▶ **Collected data**:
====================
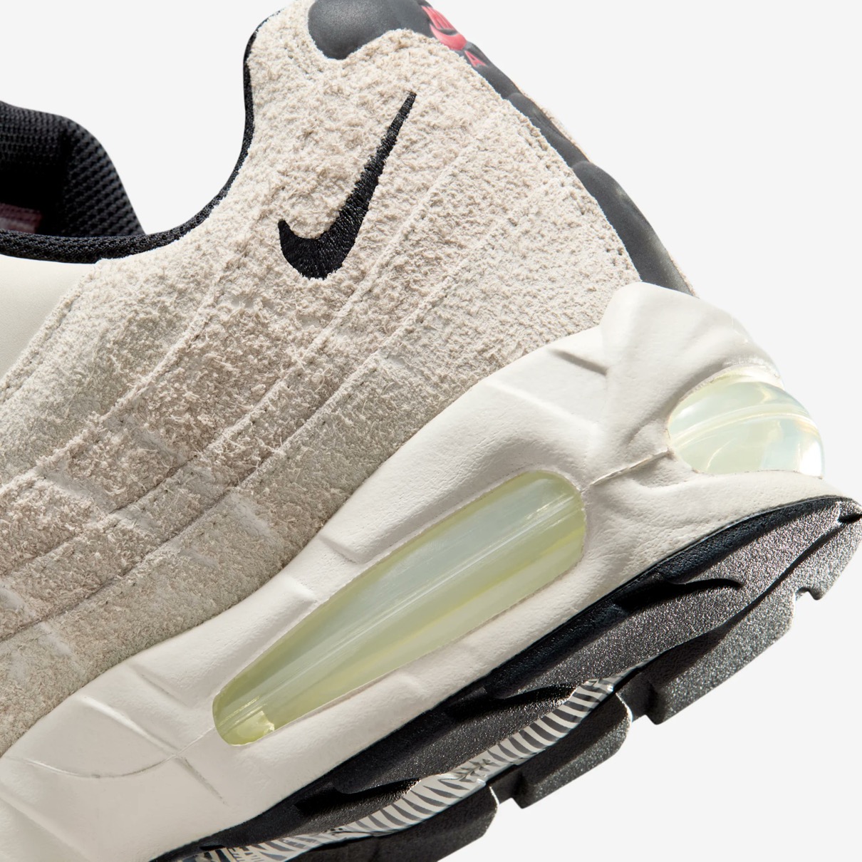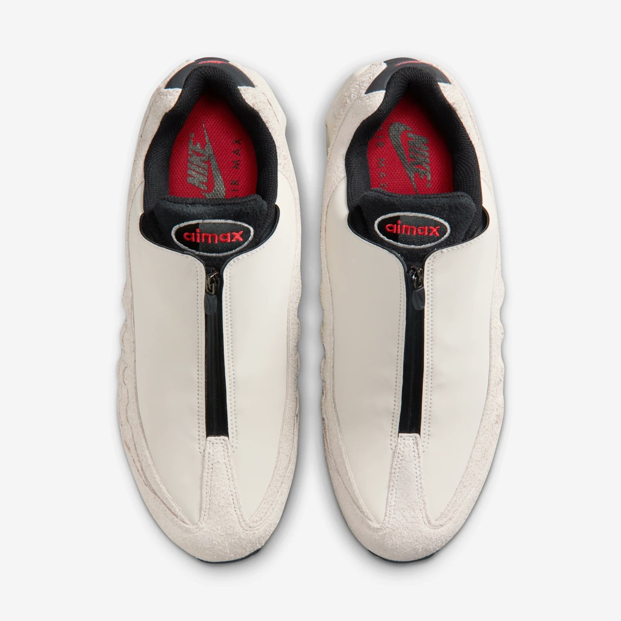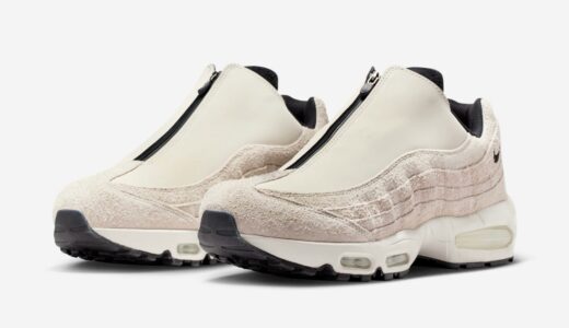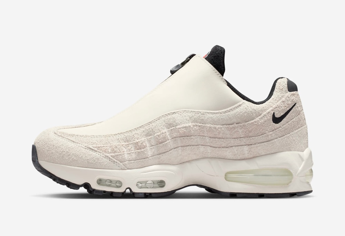 1995年に初めてリリースされ、シューズデザイナーのセルジオ・ロザーノが人体の背骨からインスピレーションを得てデザインしたナイキの人気スニーカー「エアマックス95(Air Max 95)」。同モデルの30周年を記念し、Nike Airユニットとウィンドウが大きい最初期型シルエット 通称“Big Bubble”(ビッグバブル)がAM1に続き復活を果たした。今回登場するのは、2001年に初登場したAir Max 95 Zipの復刻バージョンの新作。スウェードで構築したアッパーのシューレース周りには、フルジップのシュラウドパーツを搭載。カラーはファントムにブラックの組み合わせにライトクリムゾンレッドのアクセントで仕上げている。
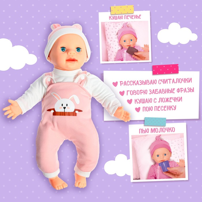 - Пупс ест с ложечки (причмокивает), пьёт (имитация, реагирует на кружечку), ест печенье (звук откусывания, если поднести печенье).
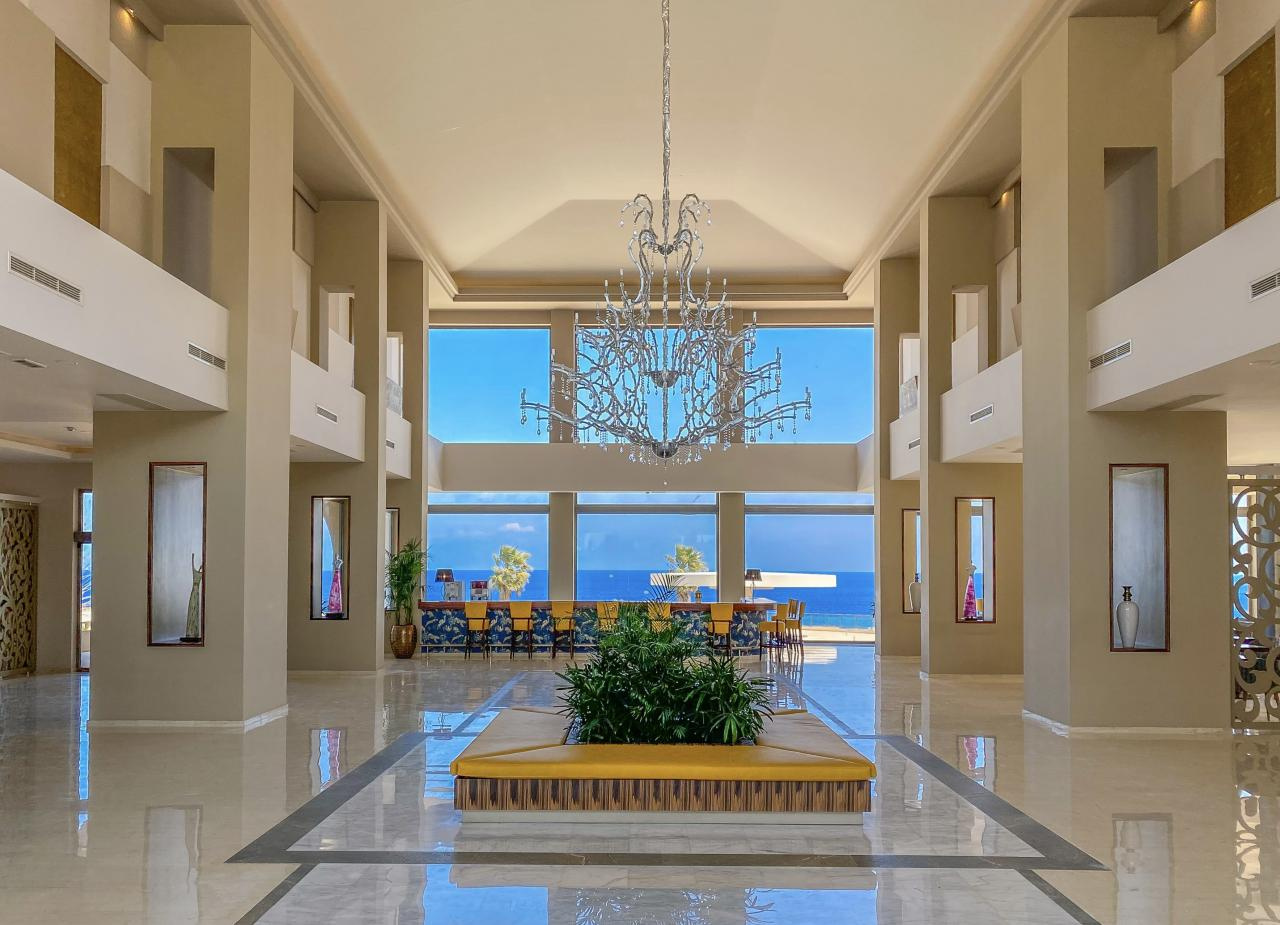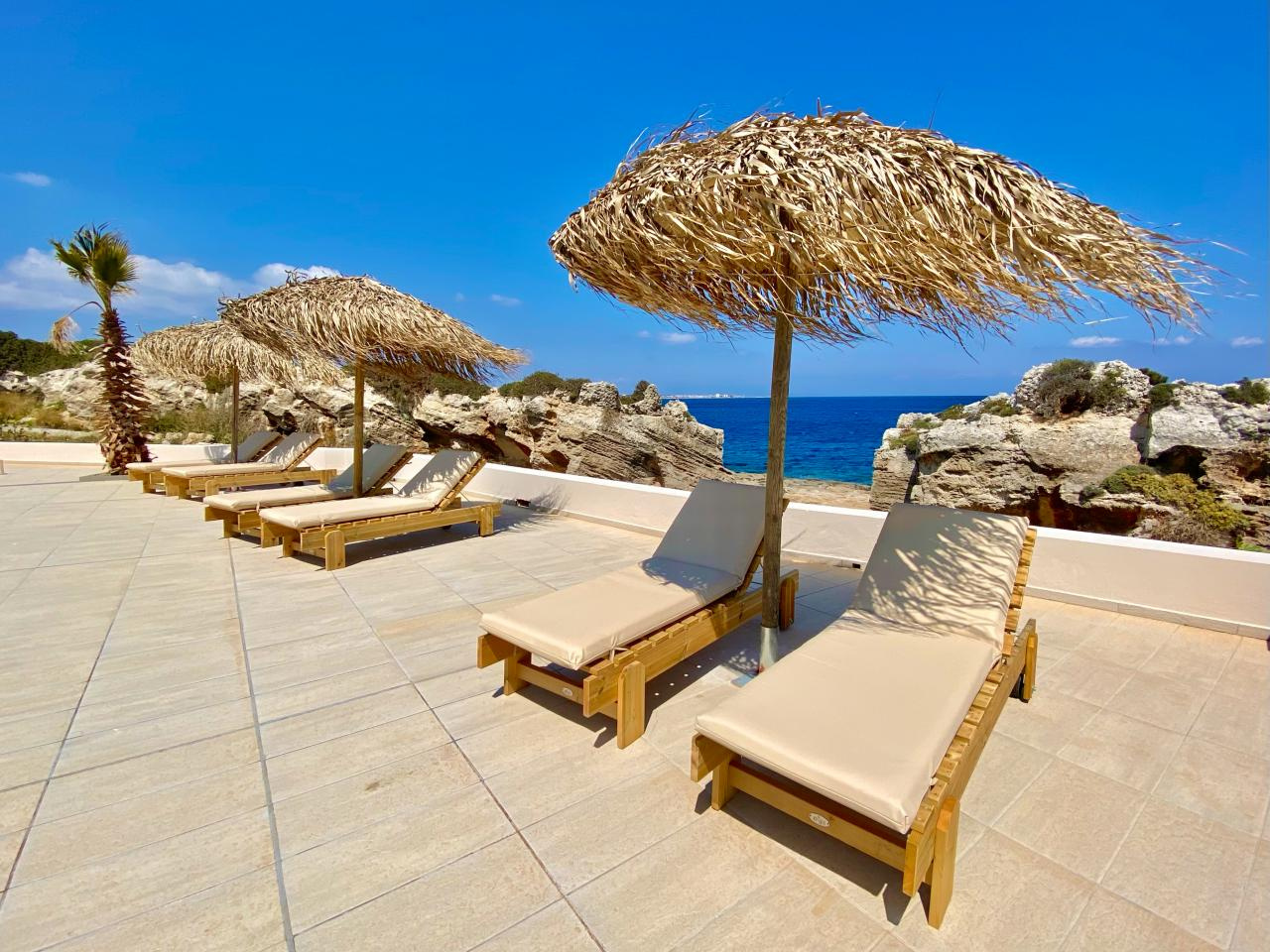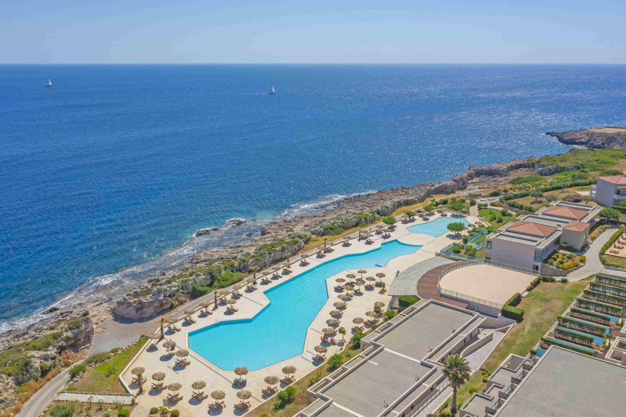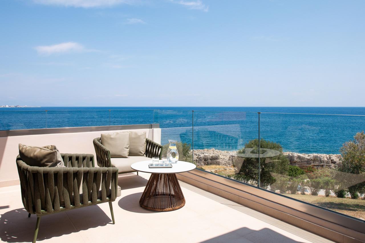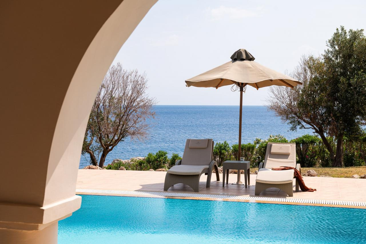 Privát medencés junior lakosztály („Junior Suite Sea View Private Pool”): 52 m2, egy légterű, saját medence napozóágyakkal, tengerre néző szoba
====================
▶ **Instructions to follow**: Go through the material above and repeat it exactly. Omit the pictures.

▶ **Result of this task**:
 1995年に初めてリリースされ、シューズデザイナーのセルジオ・ロザーノが人体の背骨からインスピレーションを得てデザインしたナイキの人気スニーカー「エアマックス95(Air Max 95)」。同モデルの30周年を記念し、Nike Airユニットとウィンドウが大きい最初期型シルエット 通称“Big Bubble”(ビッグバブル)がAM1に続き復活を果たした。今回登場するのは、2001年に初登場したAir Max 95 Zipの復刻バージョンの新作。スウェードで構築したアッパーのシューレース周りには、フルジップのシュラウドパーツを搭載。カラーはファントムにブラックの組み合わせにライトクリムゾンレッドのアクセントで仕上げている。
 - Пупс ест с ложечки (причмокивает), пьёт (имитация, реагирует на кружечку), ест печенье (звук откусывания, если поднести печенье).
 Privát medencés junior lakosztály („Junior Suite Sea View Private Pool”): 52 m2, egy légterű, saját medence napozóágyakkal, tengerre néző szoba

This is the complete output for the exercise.